WHAT YOU SHOULD DO:
Write out the stretch of lines below that begins at the line with "These little girls" and ends at the line with "Chiều ngày 08/01/2026, Trường", including both, exactly as given and nothing more.

RECORDS PROVIDED:
=-=-=-=-=

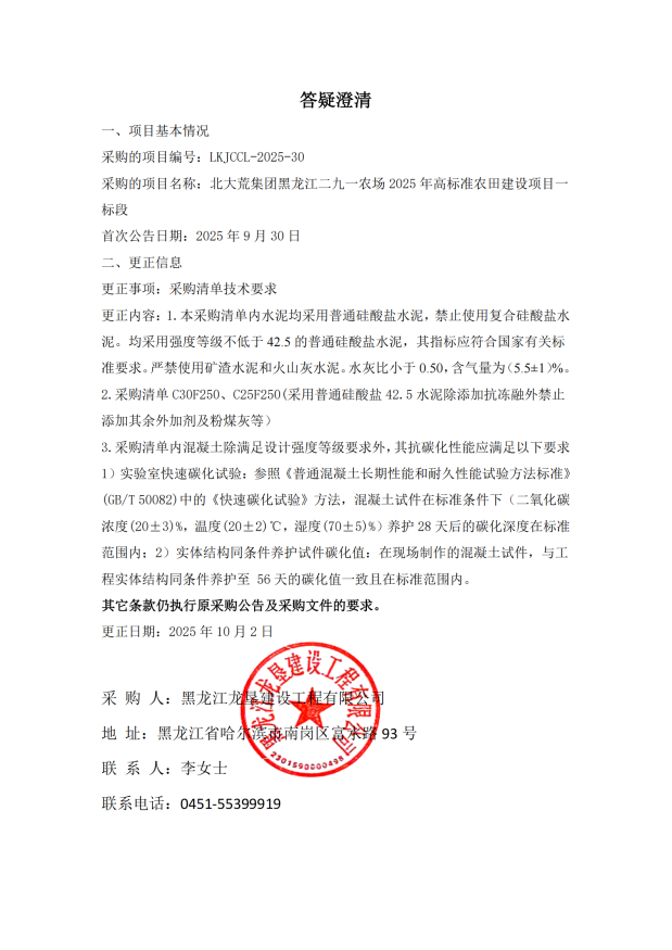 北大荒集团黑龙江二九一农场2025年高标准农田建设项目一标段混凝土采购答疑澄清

=-=-=-=-=

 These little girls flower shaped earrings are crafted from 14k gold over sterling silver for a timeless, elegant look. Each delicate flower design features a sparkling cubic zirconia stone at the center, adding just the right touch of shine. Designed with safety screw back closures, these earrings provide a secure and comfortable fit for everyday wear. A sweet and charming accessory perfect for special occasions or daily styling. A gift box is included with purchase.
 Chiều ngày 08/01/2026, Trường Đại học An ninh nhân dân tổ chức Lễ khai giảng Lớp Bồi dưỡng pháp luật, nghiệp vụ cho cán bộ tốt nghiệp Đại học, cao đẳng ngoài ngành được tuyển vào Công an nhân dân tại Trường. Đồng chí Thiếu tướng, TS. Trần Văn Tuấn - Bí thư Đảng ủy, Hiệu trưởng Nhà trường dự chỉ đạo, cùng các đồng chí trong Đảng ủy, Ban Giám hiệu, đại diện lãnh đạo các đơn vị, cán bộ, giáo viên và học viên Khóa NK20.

=-=-=-=-=

ANSWER AREA:
 These little girls flower shaped earrings are crafted from 14k gold over sterling silver for a timeless, elegant look. Each delicate flower design features a sparkling cubic zirconia stone at the center, adding just the right touch of shine. Designed with safety screw back closures, these earrings provide a secure and comfortable fit for everyday wear. A sweet and charming accessory perfect for special occasions or daily styling. A gift box is included with purchase.
 Chiều ngày 08/01/2026, Trường Đại học An ninh nhân dân tổ chức Lễ khai giảng Lớp Bồi dưỡng pháp luật, nghiệp vụ cho cán bộ tốt nghiệp Đại học, cao đẳng ngoài ngành được tuyển vào Công an nhân dân tại Trường. Đồng chí Thiếu tướng, TS. Trần Văn Tuấn - Bí thư Đảng ủy, Hiệu trưởng Nhà trường dự chỉ đạo, cùng các đồng chí trong Đảng ủy, Ban Giám hiệu, đại diện lãnh đạo các đơn vị, cán bộ, giáo viên và học viên Khóa NK20.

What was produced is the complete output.